Move discovery to a separate process#538
Conversation
Signed-off-by: R Kent James <kent@caspia.com>
|
PS I also stopped using the cache by default. AFAICT the cache is not saving time and causes problems sometimes. The system of artifacts we are implementing will replace it. |
tfoote
left a comment
There was a problem hiding this comment.
Thanks for isolating this out. It's really great to see that artifact file and be able to see what information is needed/present.
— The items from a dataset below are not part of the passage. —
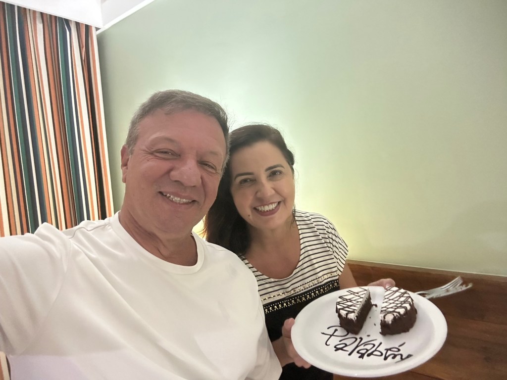 E a meia noite, bolo com vela para comemorar meu aniversário, obrigado, meu amor!!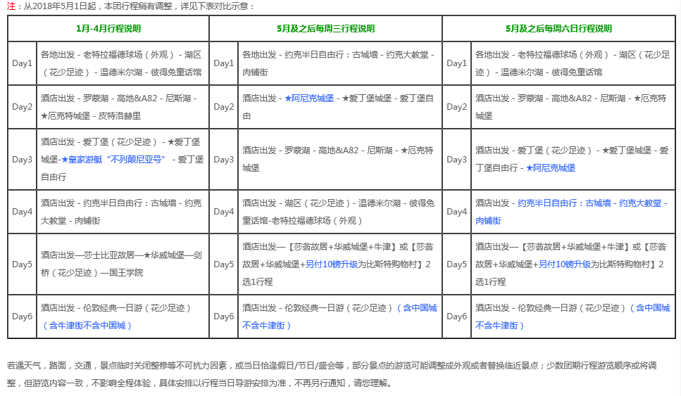 为避免官网线路信息未及时更新,请报名英国线路以后,务必和客服核实下订单成功,且确认出团,再付款、安排交通,以免造成的不必要损失。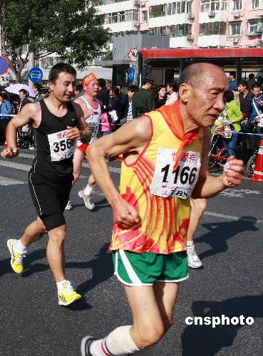 圖:北京國際馬拉松賽場上不服老的爺爺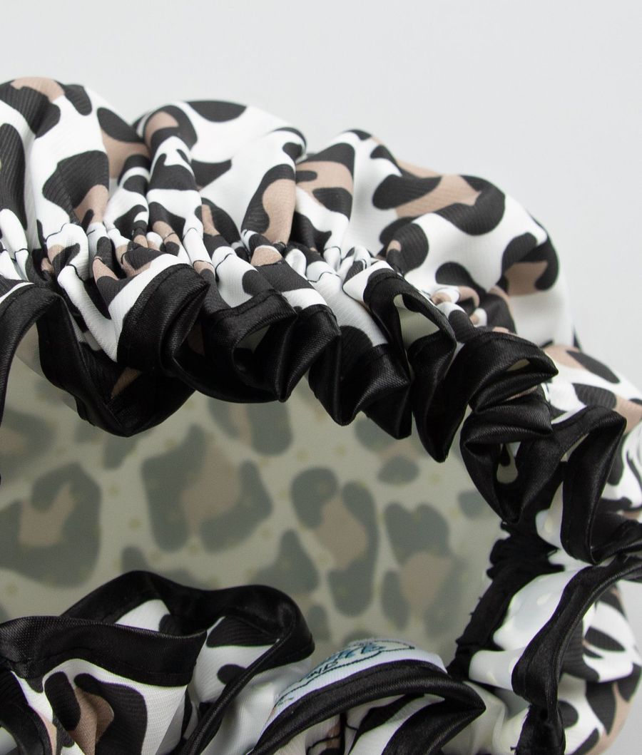 Regular price £7.99Take a walk on the wild side with this vintage inspired, leopard print Shower Cap. It’s fierce but feminine and lined with waterproof white polka dots, so it’s sure to keep your locks dry and free from frizz. With a black trim and soft elasticated opening, it’s comfortable to wear and keeps those pesky fly-aways tucked away.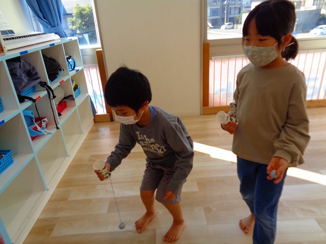今日は紙コップけん玉をしました💖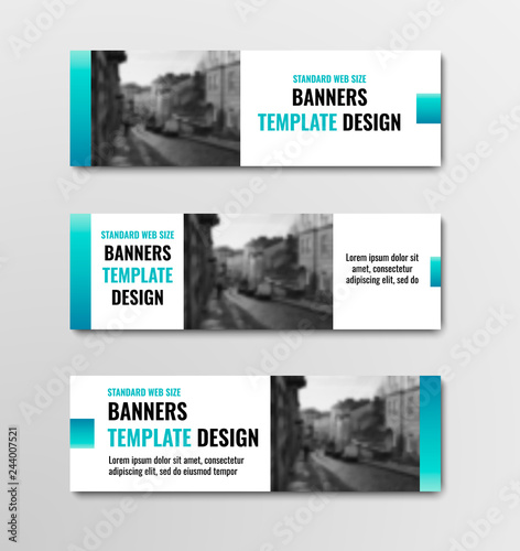 The watermark will not be included on Canvas Print.: Design of horizontal white banners with blue elements and space for photo -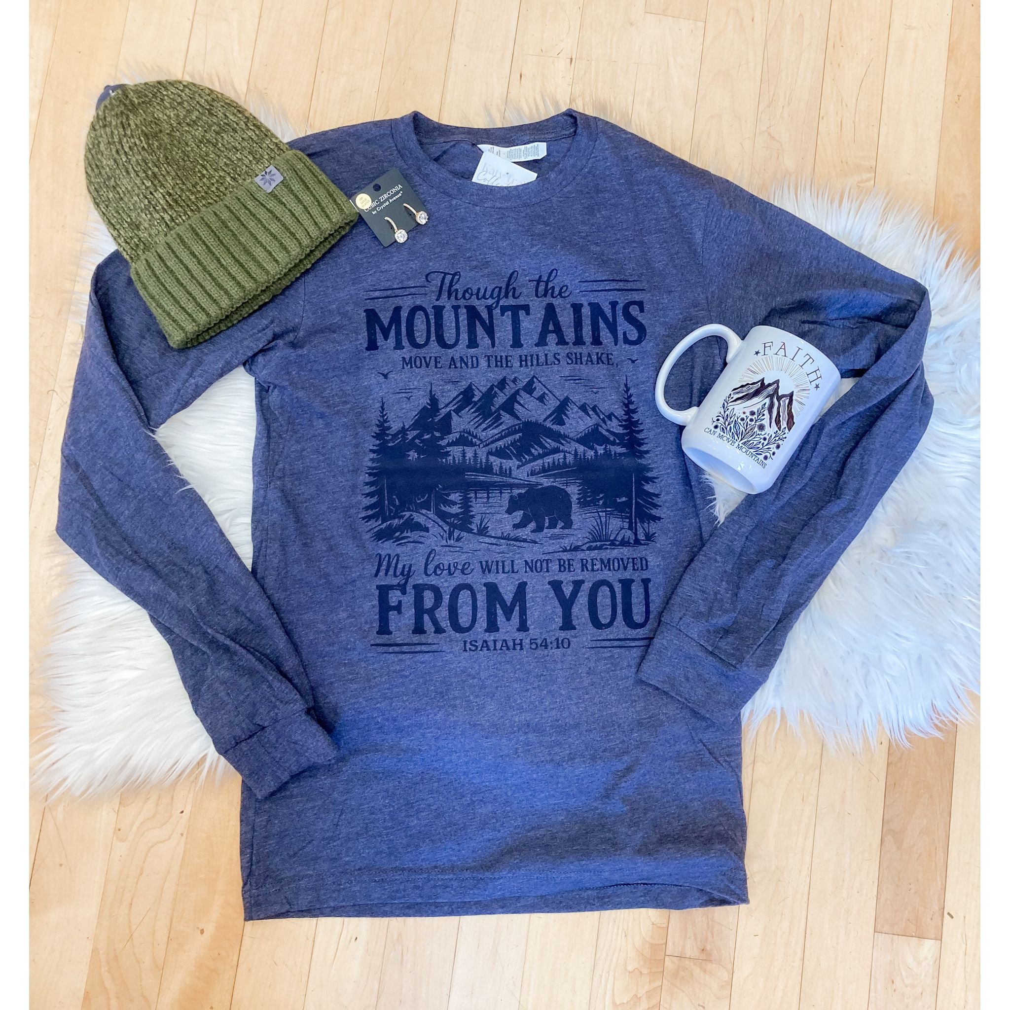 Soft, faith-filled, and designed for everyday comfort, this long-sleeve graphic tee is a reminder of God’s unwavering love. Featuring the promise from Isaiah 54:10— “Though the mountains be shaken… my unfailing love for you will not be shaken.” —this tee blends timeless style with a message your customers will carry close to their hearts. Printed in-house on your favorite super-soft unisex long sleeve, it’s perfect for layering, gifting, or wearing year-round.

The cache quite possible is over optimization. And you're right that a rebuilt is a few minutes to do discovery. However for a fresh build it involves the checkout of 2+ GB of new release repositories. It's a one time cost for a dev environment. I'm inclined to take it as it will get amortized. But I want to figure out what information we're getting from the release repositories and see if we can get it another way. From my first review everything in the discovery.json is something that's already in the rosdistro cache. Which would take this from minutes and GBs of data down to a few seconds. We can do that in another cycle though.
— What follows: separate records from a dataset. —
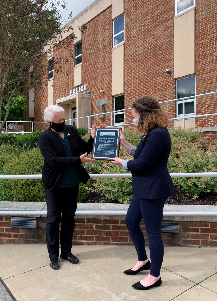 Presenting May McDowell plaque to Mayor Brock at Johnson City’s City Hall.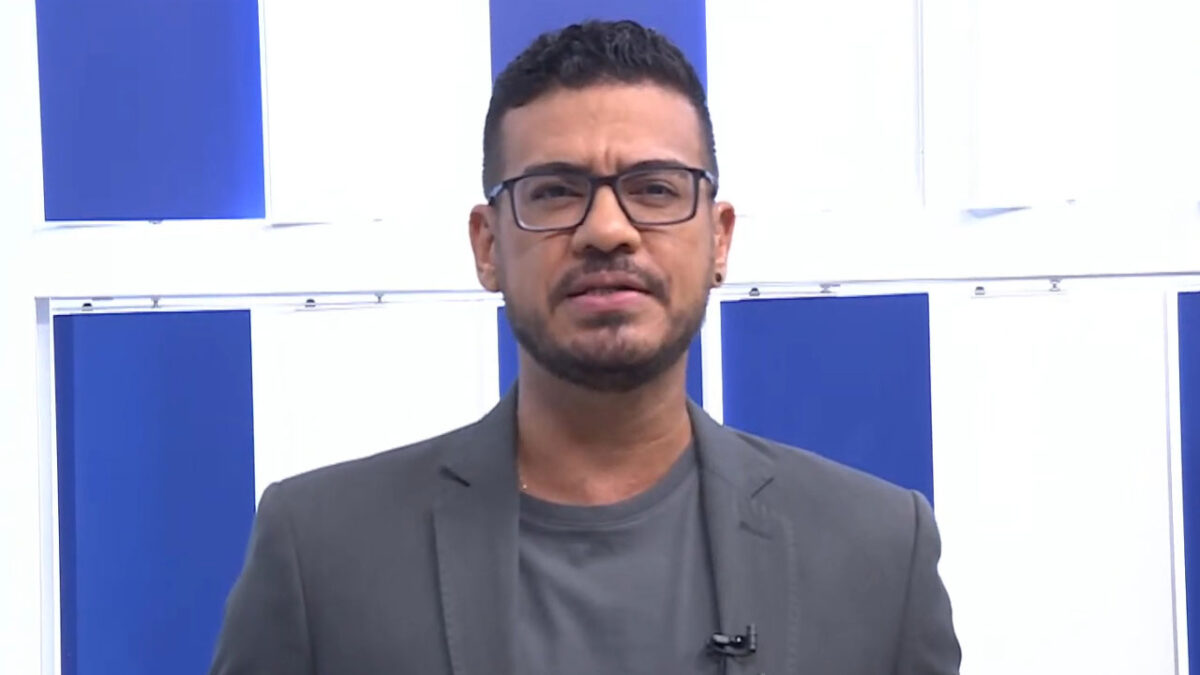 Jhonatã Gabriel em frente a painel azul e branco durante apresentação do TVE Notícias na TVE Bahia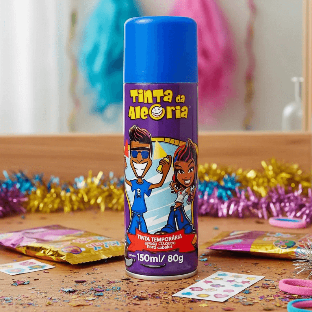 Tinta temporária para adultos e crianças, produto em Spray para maior facilidade de aplicação.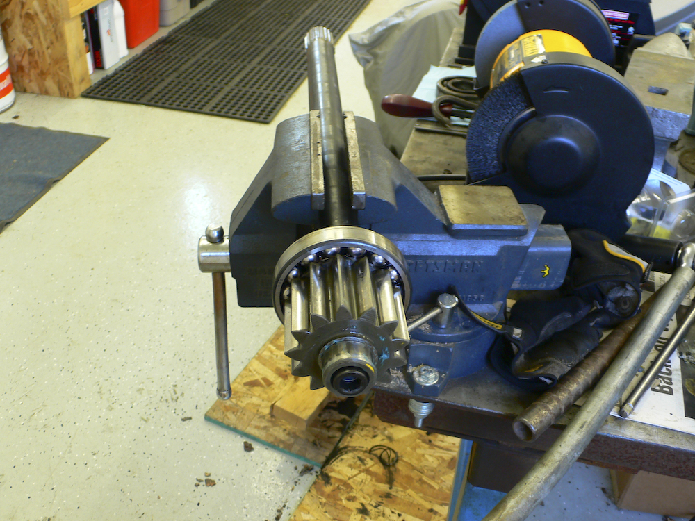 Tightening the driver gear onto the axle shaft. I bent Ben's vice handle trying to get enough "bite" on that hardened shaft to meet the torque specification.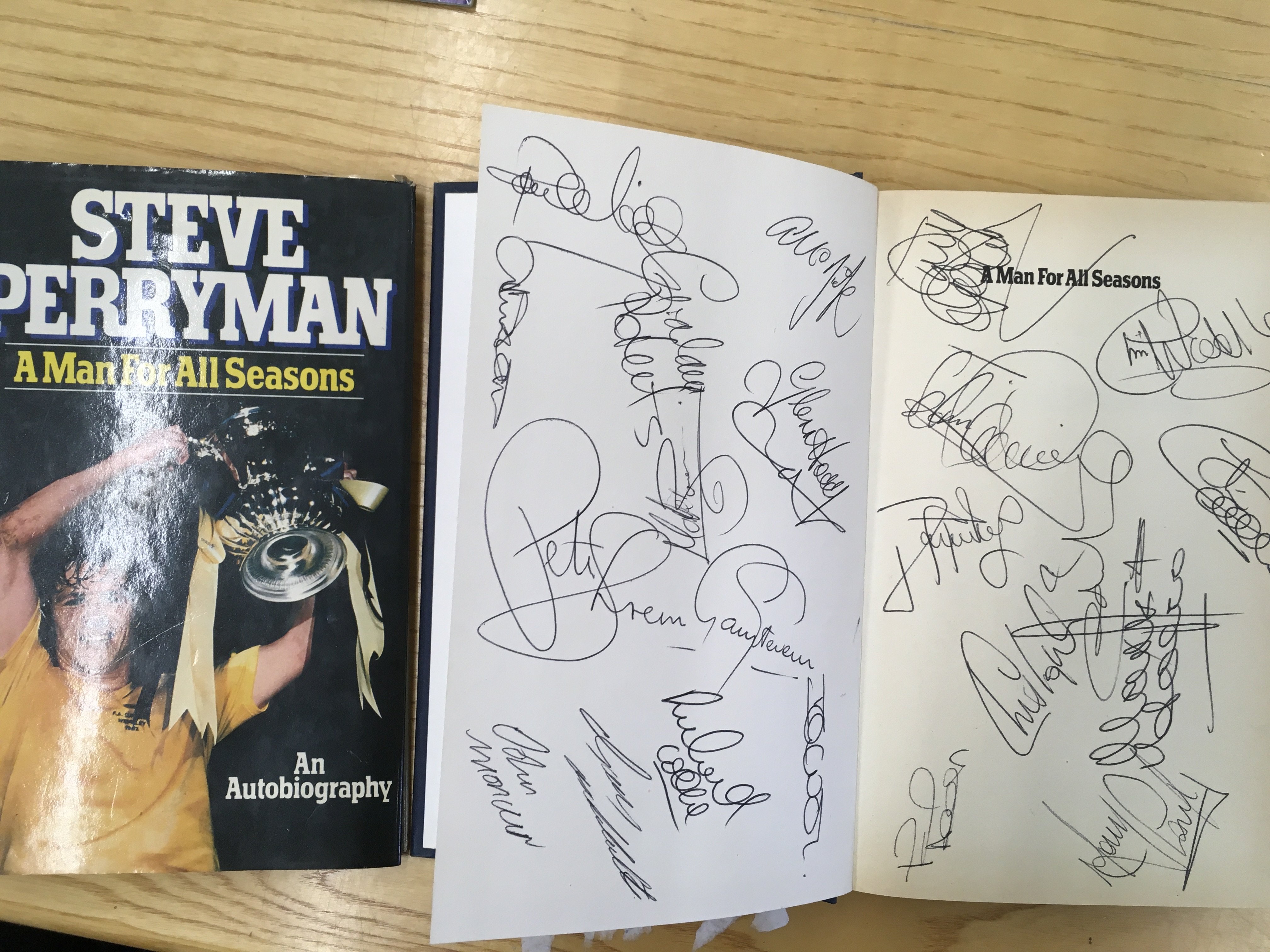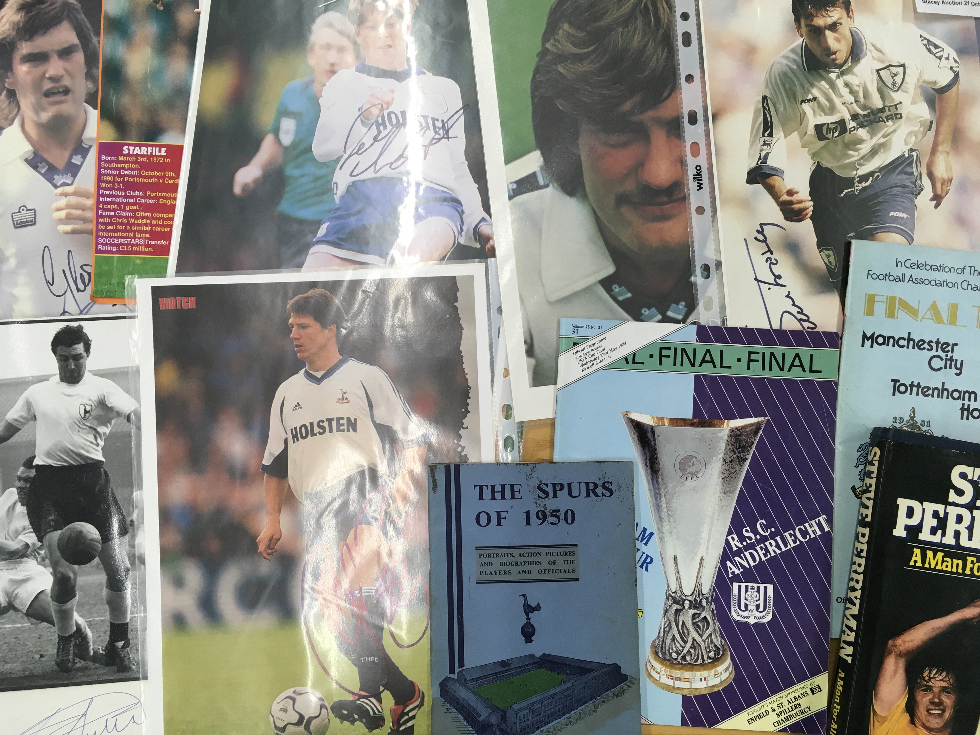 Tottenham Signed Football Memorabilia: Steve Perryman book signed and dedicated by him and around 20 team mates including Steven Mabbutt Moncur Waddle and Falco. Signed photos include Ziege Anderton Hoddle and Smith. C/W The Spurs of 1950 players book and more.

I noticed one warning that might be worth sorting out after too.
| DEFAULT_LANGUAGE_PREFIX = 'en' | ||
| HEAVY_CHECKMARK = "\u2714" | ||
| HEAVY_MINUS = "\u2796" | ||
| DISCOVERY_RESULTS = "_artifacts/discovery.json" |
There was a problem hiding this comment.
These might come in from the require_relative already.
There's warnings about them in the console output
/home/tullyfoote/rosindex/_plugins/rosindex_generator.rb:38: warning: already initialized constant DISCOVERY_RESULTS
/home/tullyfoote/rosindex/_ruby_libs/discovery.rb:12: warning: previous definition of DISCOVERY_RESULTS was here
/home/tullyfoote/rosindex/_plugins/rosindex_generator.rb:39: warning: already initialized constant DISCOVERY_ERRORS
/home/tullyfoote/rosindex/_ruby_libs/discovery.rb:13: warning: previous definition of DISCOVERY_ERRORS was here
I'm surprised that this is getting hit during make discovery.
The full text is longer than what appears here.